A San Diego area drug trafficker tied to what investigators say was one of the region’s most potent powdered fentanyl seizures is headed to federal prison for more than eight years, closing the book on a cross-border case that stretched from Tijuana to Madrid.
Yesterday, U.S. District Judge James Simmons sentenced 36-year-old Aaron Leib Kobisher, who prosecutors say went by the alias “El Kobi,” to 8 years and 1 month in federal custody, or 97 months, after finding him responsible for trafficking methamphetamine, fentanyl, and cocaine between Tijuana and U.S. distribution networks. Prosecutors told the court the sentence capped a multiyear probe that produced seizures and arrests on both sides of the border, according to the San Diego Union-Tribune.
Kobisher had pleaded guilty in 2025 to a conspiracy charge covering the three drugs and agreed not to fight extradition after his arrest in Spain, the San Diego Union-Tribune reported. Friday’s sentencing in San Diego federal court marked the latest chapter in a case that blended old-school cartel violence with the grim mathematics of modern fentanyl trafficking.
DEA Lab Flagged a 'Staggering' Fentanyl Shipment
Federal agents tied Kobisher to a June 2021 seizure of roughly two kilograms of powdered fentanyl, more than four pounds, that quickly got the attention of chemists at the DEA Southwest Laboratory.
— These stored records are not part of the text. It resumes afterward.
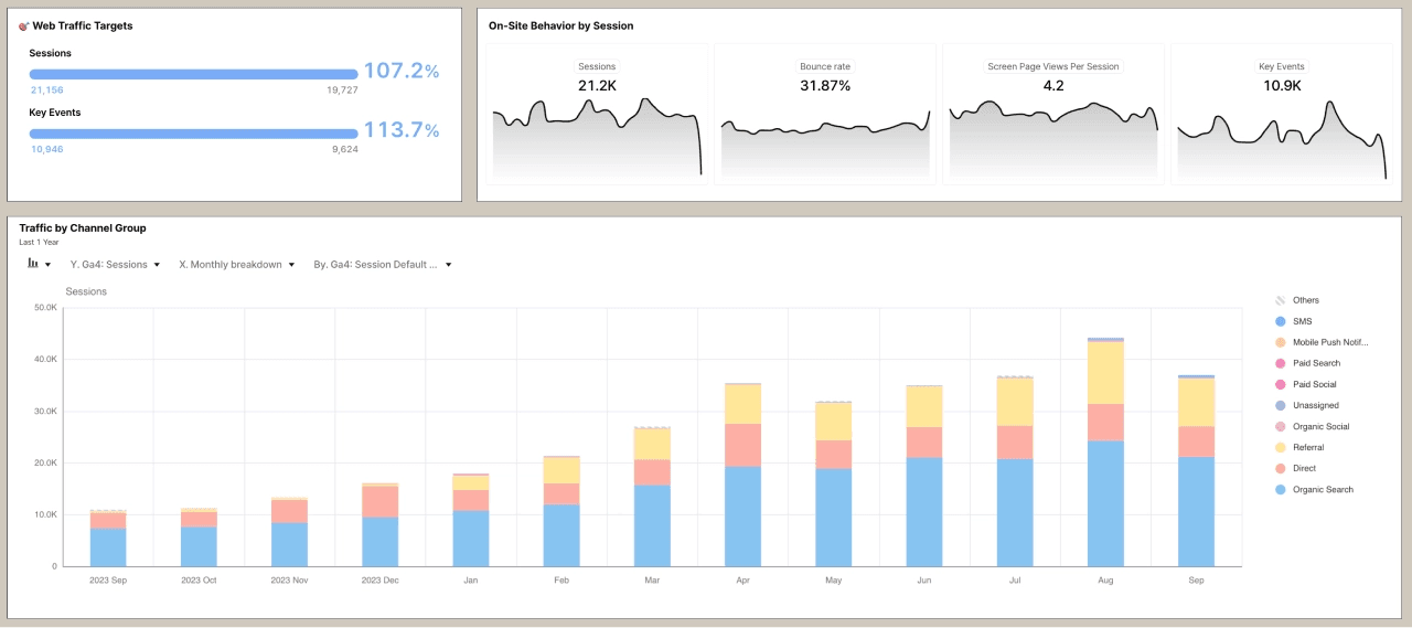 We recommend reviewing your KPIs at least monthly, with more frequent checks on critical metrics like organic traffic and conversions.
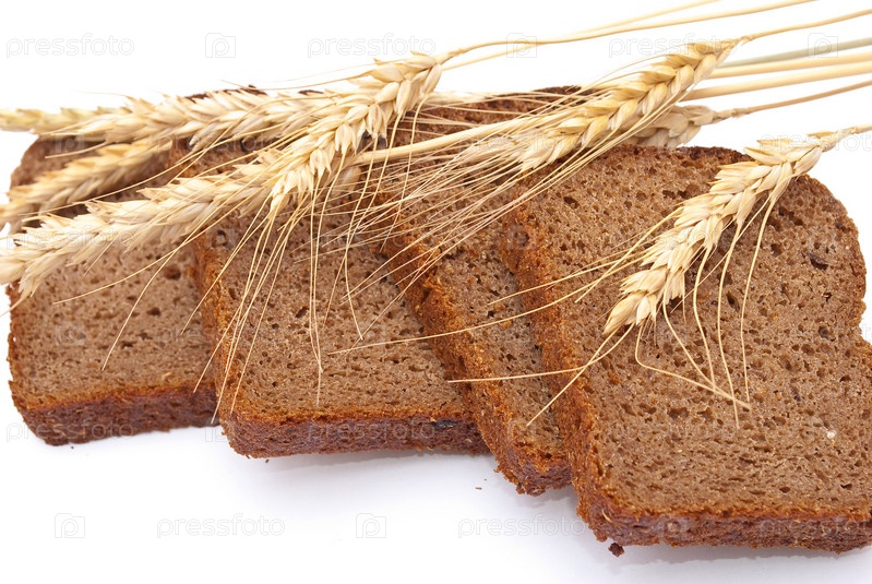 Ломтики свежего хлеба и колосья пшеницы на белом фоне
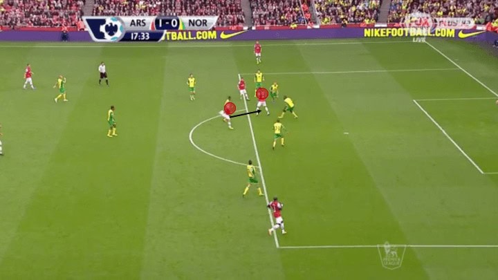 Giroud again receives and plays an outside of the foot pass in one touch, to Wilshere who is now at full speed in behind the opponent’s backline.
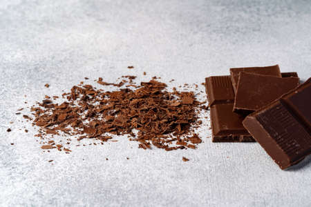 Grated chocolate and pieces of tasty chocolate on table

In testing, that load turned out to be the most concentrated fentanyl sample the lab had ever seen, according to a press release from the U.S. Attorney’s Office. The finding was not just a chilling data point, it also helped investigators map out shipments and build a broader conspiracy case against Kobisher and five co-defendants, the Justice Department said.
Prosecutors later described that load as “staggering,” noting its purity made an already lethal drug even more dangerous. In court and in public statements, they stressed that powdered fentanyl of that concentration shaved the margin for error in street-level mixing down to almost nothing.
Arrest in Madrid and Extradition to San Diego
The case took a turn in June 2023 in Madrid, where Spanish police arrested Kobisher after stopping a flight he was attempting to board. U.S. authorities then secured his extradition to San Diego in November of that year, per contemporaneous reporting.
Times of San Diego reported that the arrest followed an Interpol diffusion notice seeking international assistance in locating Kobisher. Mexican outlet Milenio also covered the extradition and the case’s cross-border angles as Spanish and U.S. authorities coordinated the transfer.
Alleged Tijuana Ambushes and Old Scores
Kobisher’s name had surfaced long before the fentanyl case. Investigative reporting in Mexico recounts that he survived multiple attempts on his life in Tijuana more than a decade ago, including a brazen April 2015 attack in which gunmen opened fire on the vehicle he was riding in. SinEmbargo reproduced material from investigative outlet Zeta that described those ambushes and the wave of violence they were tied to, while the San Diego Union-Tribune noted the earlier probes and arrests in its coverage of the sentencing.
Those episodes, though not part of the federal drug charges in San Diego, formed the backdrop to prosecutors’ portrayal of Kobisher as a player in borderland violence who later surfaced at the center of a high-stakes fentanyl pipeline.
Charges, Case Number and Investigating Agencies
In San Diego federal court, Kobisher was charged in a multi-defendant indictment, case number 23-cr-0916, with conspiracy to distribute methamphetamine, fentanyl and cocaine. Under federal law, that conspiracy count carries a potential life sentence and substantial fines, although his actual term was significantly lower.
The investigation pulled in multiple federal agencies. According to the U.S. Attorney’s Office, the probe involved the Drug Enforcement Administration, Homeland Security Investigations and other federal partners. Assistant U.S. Attorney Kevin Mokhtari prosecuted the case.
Prosecutors' Warning on Fentanyl’s Reach
As they laid out the case, prosecutors underscored what has become a grim refrain in federal fentanyl prosecutions. “Fentanyl is deadly in all forms,” they said, a warning echoed in local coverage that noted the extraordinary concentration of the seized powder made it particularly hazardous even by current standards.
Times of San Diego reported that authorities characterized the network as a small but prolific ring, one that quietly moved methamphetamine, fentanyl and cocaine from the Tijuana corridor to markets as far east as Atlanta and New York. With Kobisher now sentenced, federal officials say they have at least disrupted that pipeline, even as the broader fight over fentanyl trafficking continues.